# meet me in kauai?



## peebus (Nov 30, 2009)

I'll be in kauai hawaii for a few weeks in january. I will be alone backpacking and camping. I'm looking forward to it but there will surely be some lonely moments. I'm gonna need a friend or two to drink some beers with on the beach. If your gonna be in kauai in january get ahold of me. we could have some fun together. Peebus


----------



## iamwhatiam (Nov 30, 2009)

no trip to kauai is complete without hiking the kalalau trail! if you like hiking in remote jungle an 11 mile strenuous trail hundreds of feet up along steep cliffs overlooking amazing valleys and the ocean, than its a great hike.
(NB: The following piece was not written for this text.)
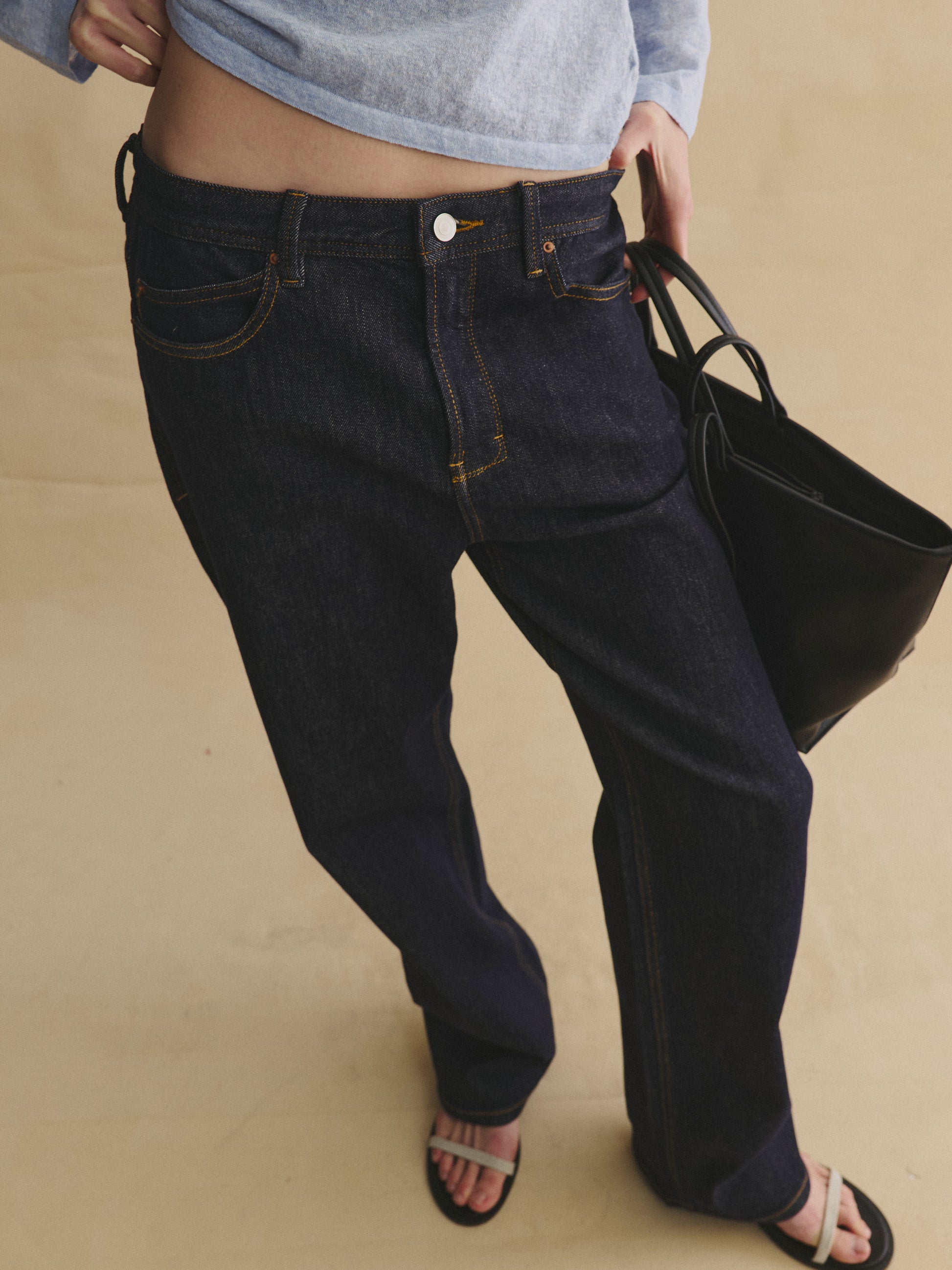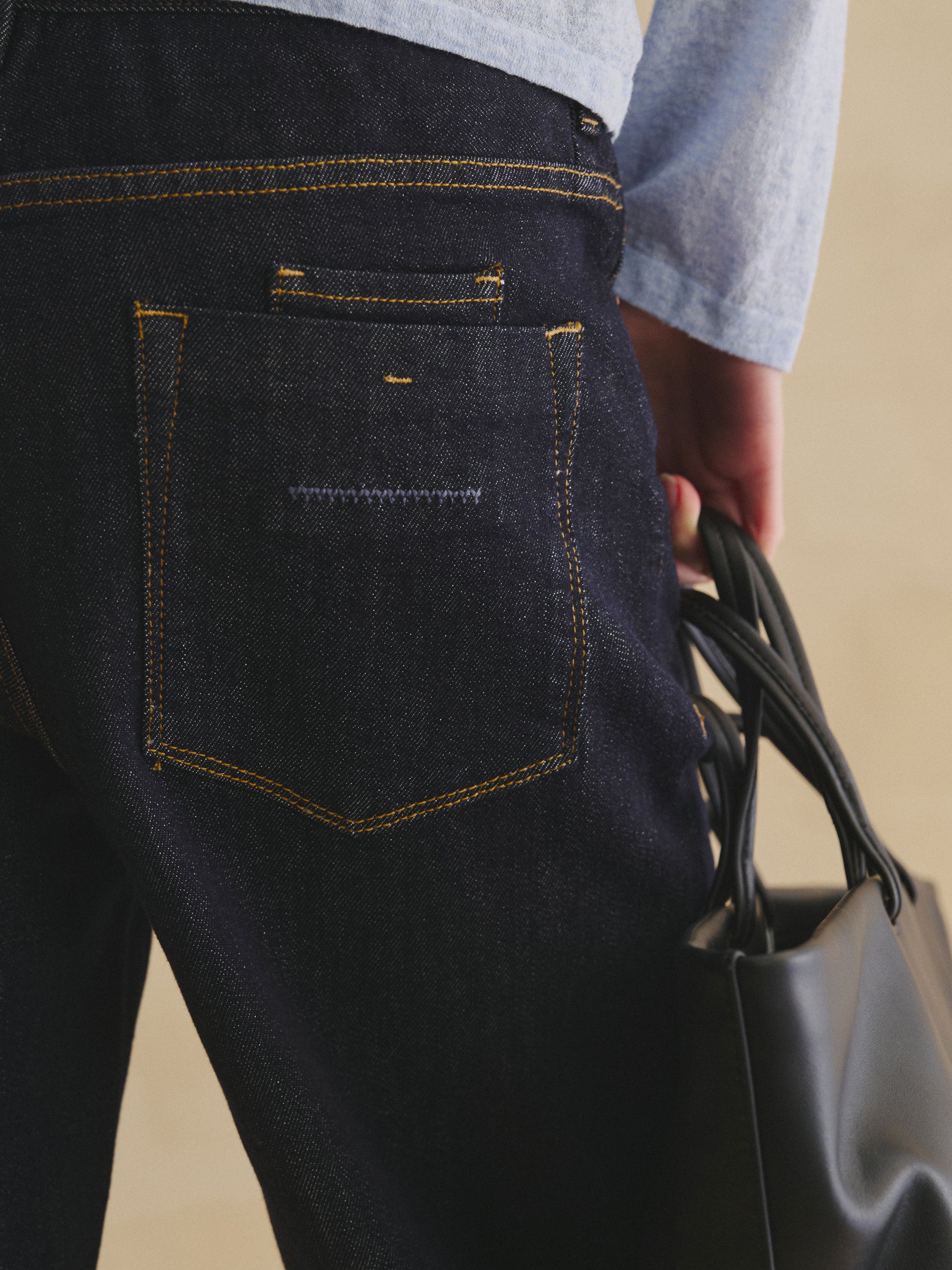 Made from 100% cotton denim with a dense, textured weave, these straight-leg jeans offer structure, durability, and a naturally crisp drape. Compared to standard denim, the fabric holds its shape better over time and resists sagging, making it a reliable everyday essential.

if you go to kalalau valley say hi to santiago from keith.


----------



## keg (Nov 30, 2009)

its the rainy season now.well kauai is always rainy but more so until march.but just go all around and explore.do not get stuck in kapaa and just sit and drink.if you stay a couple days on oahu i will be will show you around.but really this island sucks.of all the islands kauai is the best.yeah but there has been some big swelles so the beaches on the na pali coast might be gone already(they vanish in winter)but there are plenty of other places to camp.Enjoy the hippies.


----------



## peebus (Dec 1, 2009)

yay, thanks guys! I'm definately going to be doing some hiking and preparing for lots of rain. I will try my hardest not to get stuck drinking in kappa. promise..


----------



## iamwhatiam (Dec 1, 2009)

In Lihue - that big grocery store (i forget the name) where all the busses stop - the dumpster in back in a good score sumtimes. i once found it full of coronas and guinessess. :cheers:

and the harbor near there (maybe its Niwiliwili harbor?) has been good for busking. lots of tourists and workers comin off the ships.

yea...you will get rained on a lot too. rainy season


----------



## peebus (Dec 1, 2009)

free beer is always a good thing. i will check that out. what island are you on?


----------